▸ **TASK TO CARRY OUT**: With pictures removed, the data below should be returned exactly.

▸ **DATA SHOWN**:
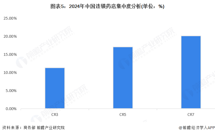 2024年,中国连锁药店行业集中度CR3为11.32%,CR5达到17.06 %,CR7超过20%,行业集中度处于较低水平,未来仍有较大的提升空间。
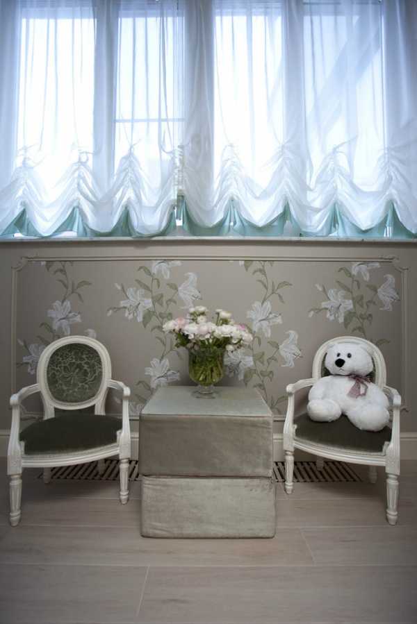 В этом случае в комнате превалирует цветовая гамма нежных оттенков: бежевый, розовый, небесно-голубой, фиалковый, светло-желтый и другие.
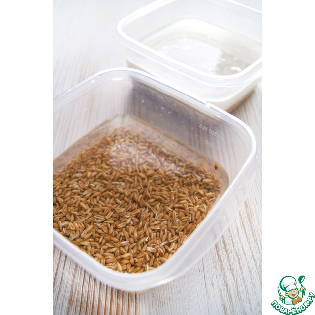 Опять же по отдельности залить злаки водой, примерно на 1 см выше их уровня, и оставить для набухания часов на 8.

▸ **FINISHED TASK**:
 2024年,中国连锁药店行业集中度CR3为11.32%,CR5达到17.06 %,CR7超过20%,行业集中度处于较低水平,未来仍有较大的提升空间。
 В этом случае в комнате превалирует цветовая гамма нежных оттенков: бежевый, розовый, небесно-голубой, фиалковый, светло-желтый и другие.
 Опять же по отдельности залить злаки водой, примерно на 1 см выше их уровня, и оставить для набухания часов на 8.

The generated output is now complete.